[Opening AVAILABLE DATA section]

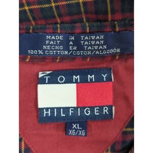 Add a touch of classic style to your wardrobe with this vintage Tommy Hilfiger plaid button-down shirt! Made from 100% cotton in Taiwan, this men's XL shirt features a timeless plaid pattern that's perfect for casual wear or dressing up.
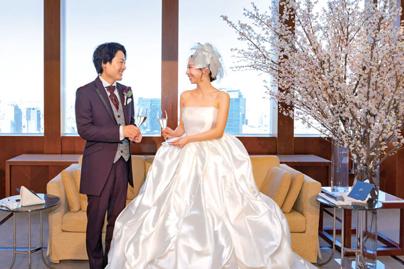 新婦はチュールのトーク帽にチェンジ。ソファに桜の木を飾ったシンプルスタイリッシュな高砂席 。
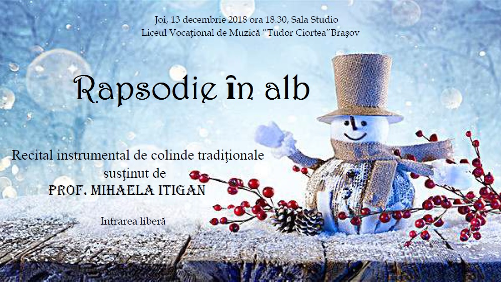 Sâmbătă 14.12.2013, începând cu ora 1700 Patinoarul Olimpic Braşov va fi gazda acestui eveniment care include muzică instrumentală, vocală şi percuţie, interpretată de soliştii şi grupurile de elevi de la liceul nostru, sub îndrumarea profesorilor acestora. Atmosfera va fi completată de dansul pe gheaţă al mai multor sportivi de la Clubul Corona Braşov. Spectacolul se va încheia cu cele mai îndrăgite colinde româneşti şi internaţionale. Evenimentul este organizat de Liceul de Muzică"Tudor Ciortea", în parteneriat cu A.S.C. Corona Braşov, Inspectoratul Şcolar Braşov şi Primăria Braşov şi este dedicat Fundaţiei HOSPICE Casa Speranţei. Intrarea la spectacol se face contra sumei de 5 lei, iar biletele au fost puse în vânzare la sediul HOSPICE Braşov (strada Sitei nr.17A) şi vor putea fi achiziţionate şi de la Patinoarul Olimpic Braşov, în seara evenimentului.
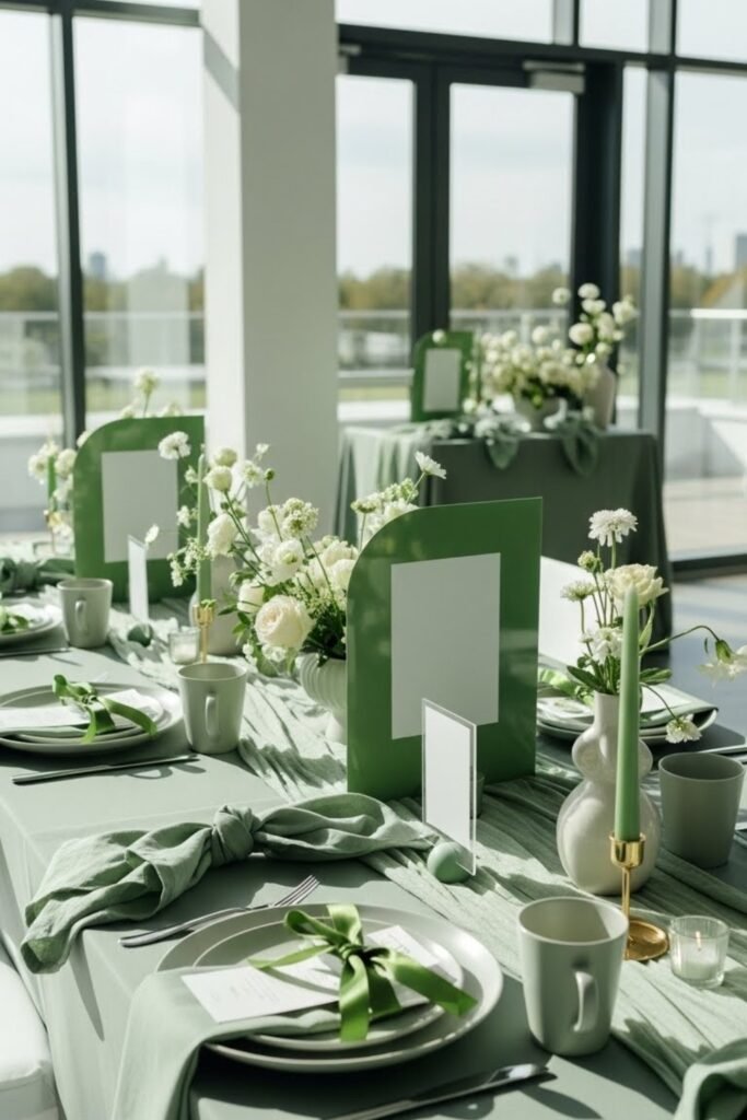 Focus on balance by repeating the same green shade across décor, stationery, and table elements. This creates a cohesive look without adding extra items.
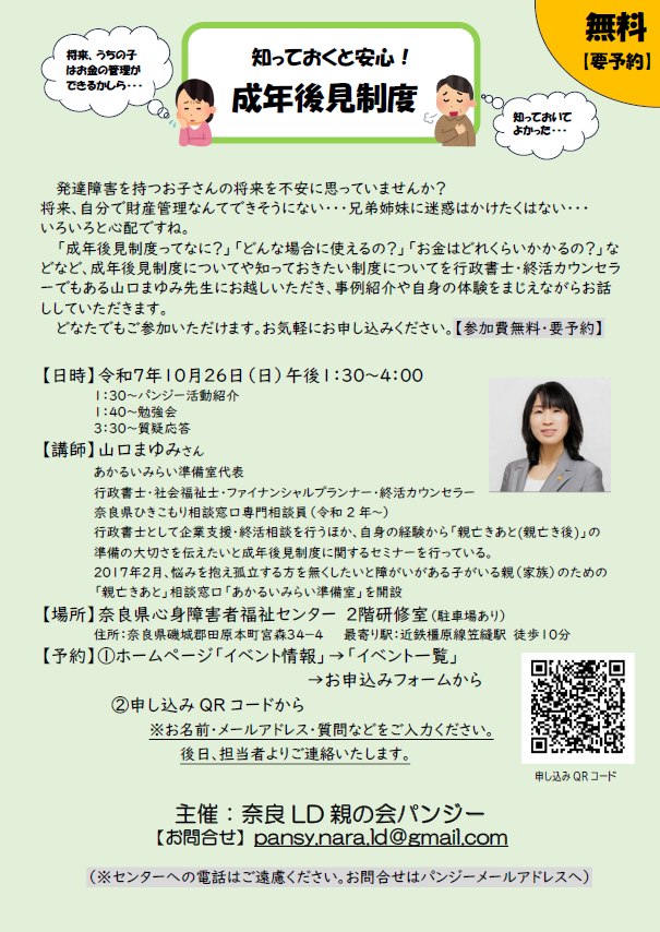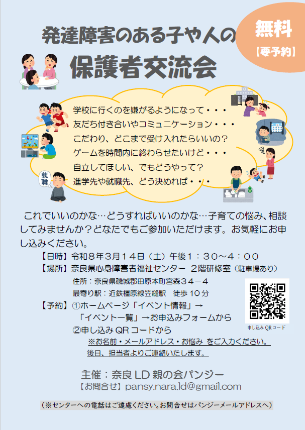 【場所】奈良県心身障害者福祉センター(駐車場あり)2階研修室
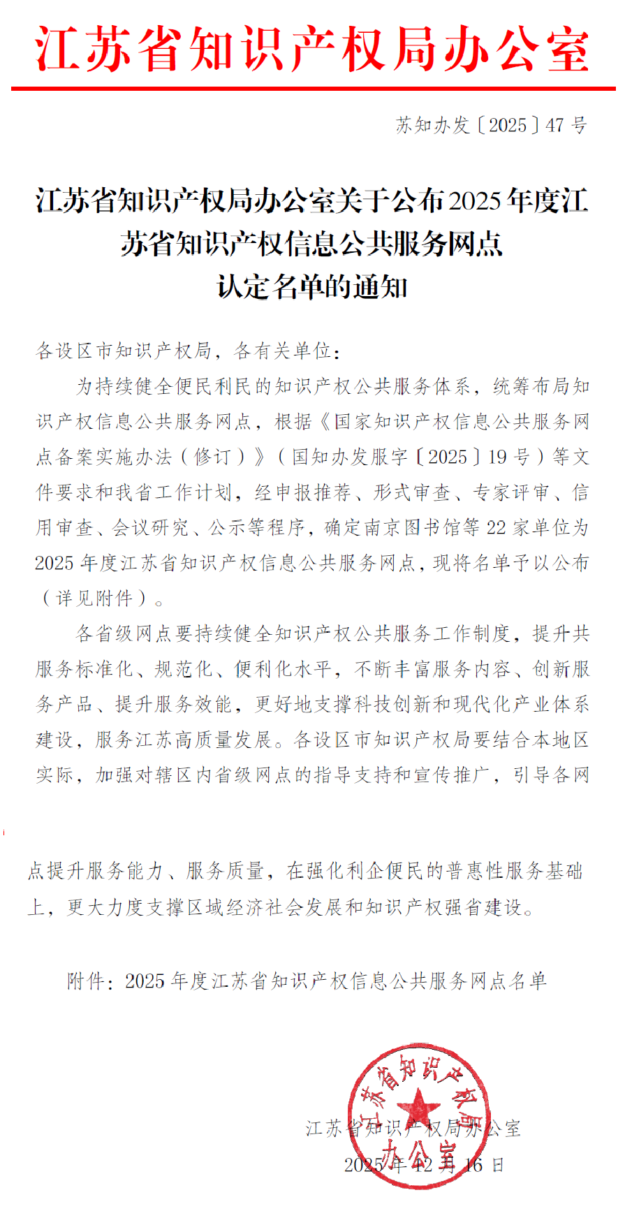 近日,江苏省知识产权局办公室印发《关于公布2025年度江苏省知识产权信息公共服务网点认定名单的通知》,我校成功获批2025年度江苏省知识产权信息公共服务网点,标志着我校知识产权公共服务能力获得省级权威认可。

[Closing AVAILABLE DATA section]

# ASSIGNED TASK
All lines from the beginning of the entries above to the line containing "新婦はチュールのトーク帽にチ", inclusive, should be printed exactly, apart from the pictures.

# WRITTEN SOLUTION
 Add a touch of classic style to your wardrobe with this vintage Tommy Hilfiger plaid button-down shirt! Made from 100% cotton in Taiwan, this men's XL shirt features a timeless plaid pattern that's perfect for casual wear or dressing up.
 新婦はチュールのトーク帽にチェンジ。ソファに桜の木を飾ったシンプルスタイリッシュな高砂席 。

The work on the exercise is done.